→ Problem description
For the material below, reproduce exactly each line from the one that has "Great starter home" through the one that has "科利-G全效肌抵丸有效解決肌膚老化問題最高達90%以上。", and no others; pictures stay out.
(Data under study Opens)
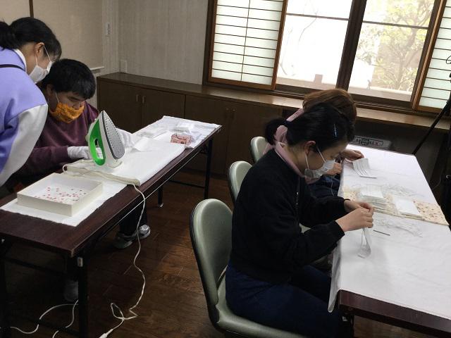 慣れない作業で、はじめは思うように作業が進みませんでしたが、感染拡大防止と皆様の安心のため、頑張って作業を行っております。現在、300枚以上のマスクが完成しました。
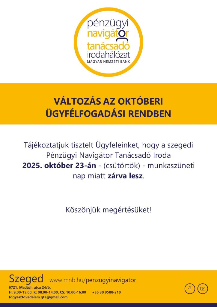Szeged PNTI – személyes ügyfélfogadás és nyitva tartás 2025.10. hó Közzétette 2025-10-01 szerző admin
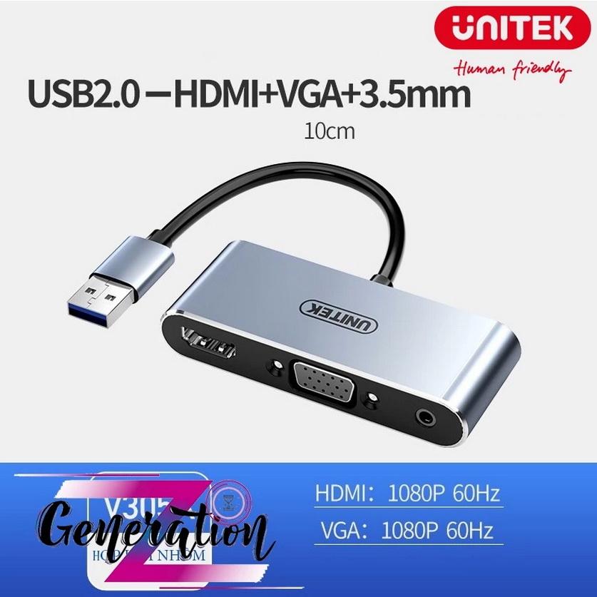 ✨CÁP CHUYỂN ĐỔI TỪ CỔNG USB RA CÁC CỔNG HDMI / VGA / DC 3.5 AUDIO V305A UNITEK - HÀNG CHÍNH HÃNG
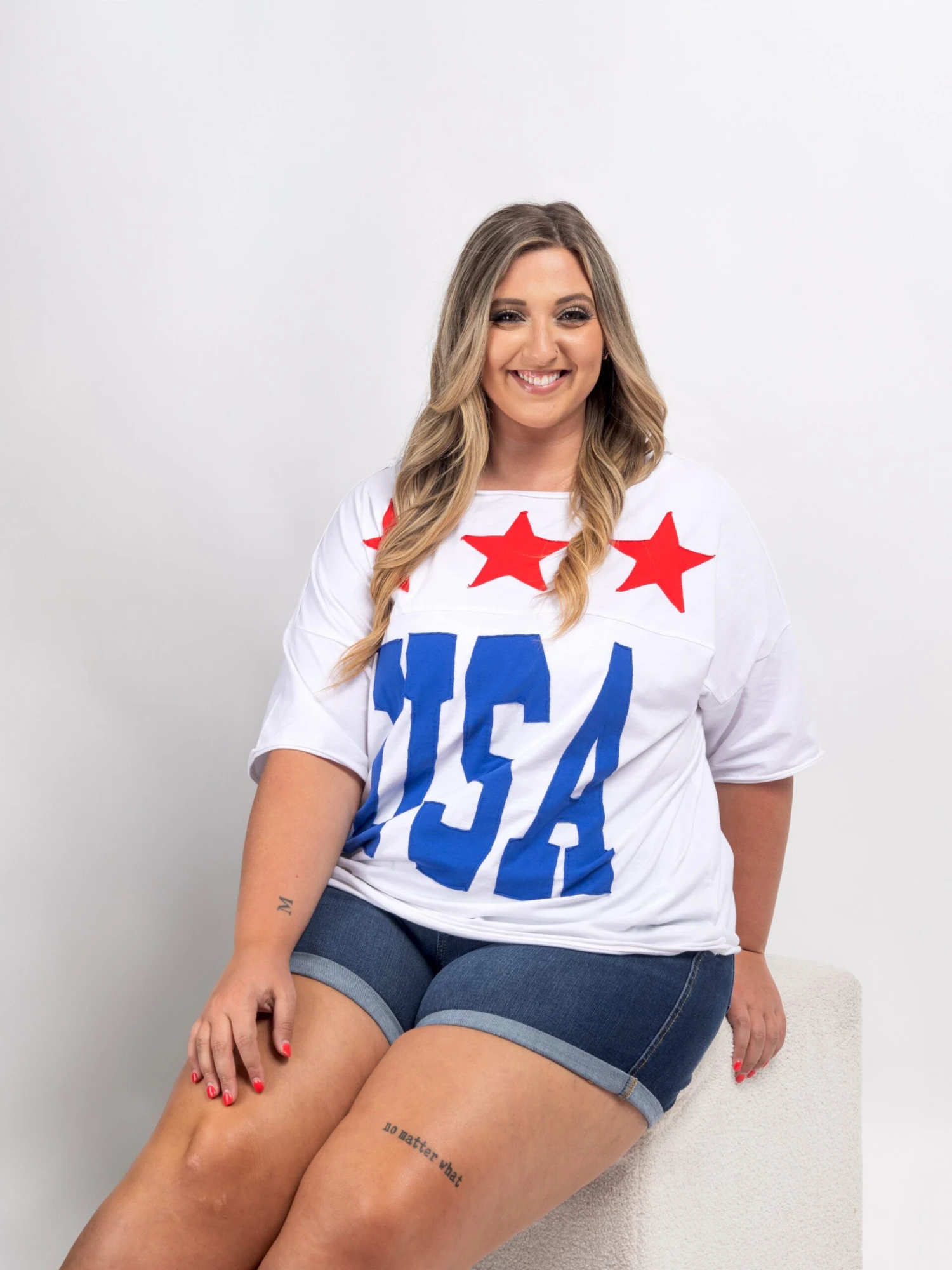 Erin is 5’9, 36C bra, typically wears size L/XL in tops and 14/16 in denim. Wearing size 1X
(Data under study Closes)
(Data under study Opens)
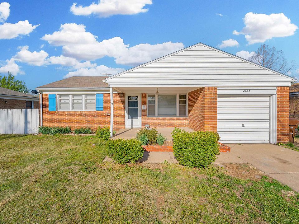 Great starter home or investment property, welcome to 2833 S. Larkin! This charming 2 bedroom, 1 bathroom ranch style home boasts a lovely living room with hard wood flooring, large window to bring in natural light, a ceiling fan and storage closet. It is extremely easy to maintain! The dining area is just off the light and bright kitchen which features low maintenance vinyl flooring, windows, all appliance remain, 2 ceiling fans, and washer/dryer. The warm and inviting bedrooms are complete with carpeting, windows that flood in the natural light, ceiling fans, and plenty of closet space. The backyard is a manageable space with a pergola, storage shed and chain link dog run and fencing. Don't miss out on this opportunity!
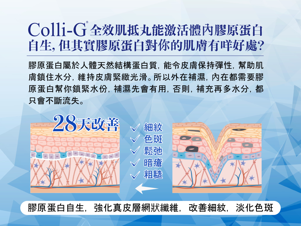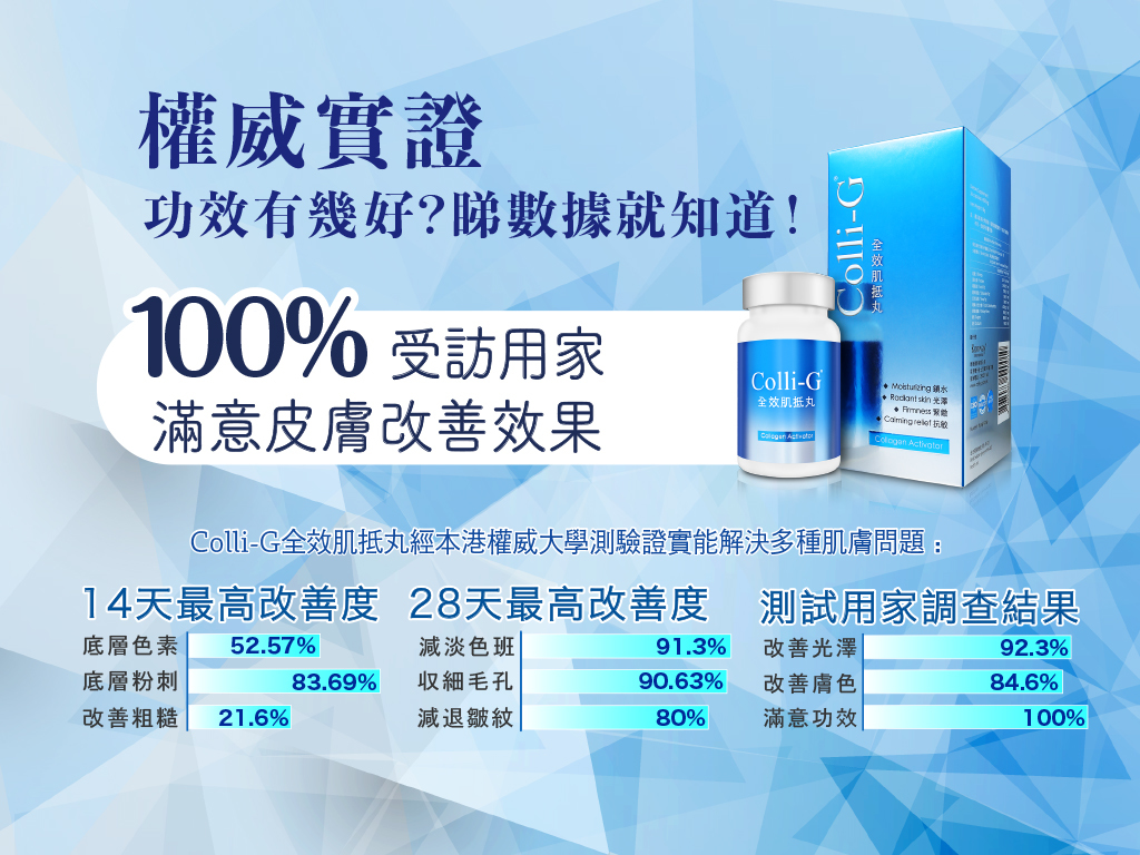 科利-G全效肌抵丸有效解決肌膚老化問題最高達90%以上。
(Data under study Closes)
→ Answer to the problem
 Great starter home or investment property, welcome to 2833 S. Larkin! This charming 2 bedroom, 1 bathroom ranch style home boasts a lovely living room with hard wood flooring, large window to bring in natural light, a ceiling fan and storage closet. It is extremely easy to maintain! The dining area is just off the light and bright kitchen which features low maintenance vinyl flooring, windows, all appliance remain, 2 ceiling fans, and washer/dryer. The warm and inviting bedrooms are complete with carpeting, windows that flood in the natural light, ceiling fans, and plenty of closet space. The backyard is a manageable space with a pergola, storage shed and chain link dog run and fencing. Don't miss out on this opportunity!
 科利-G全效肌抵丸有效解決肌膚老化問題最高達90%以上。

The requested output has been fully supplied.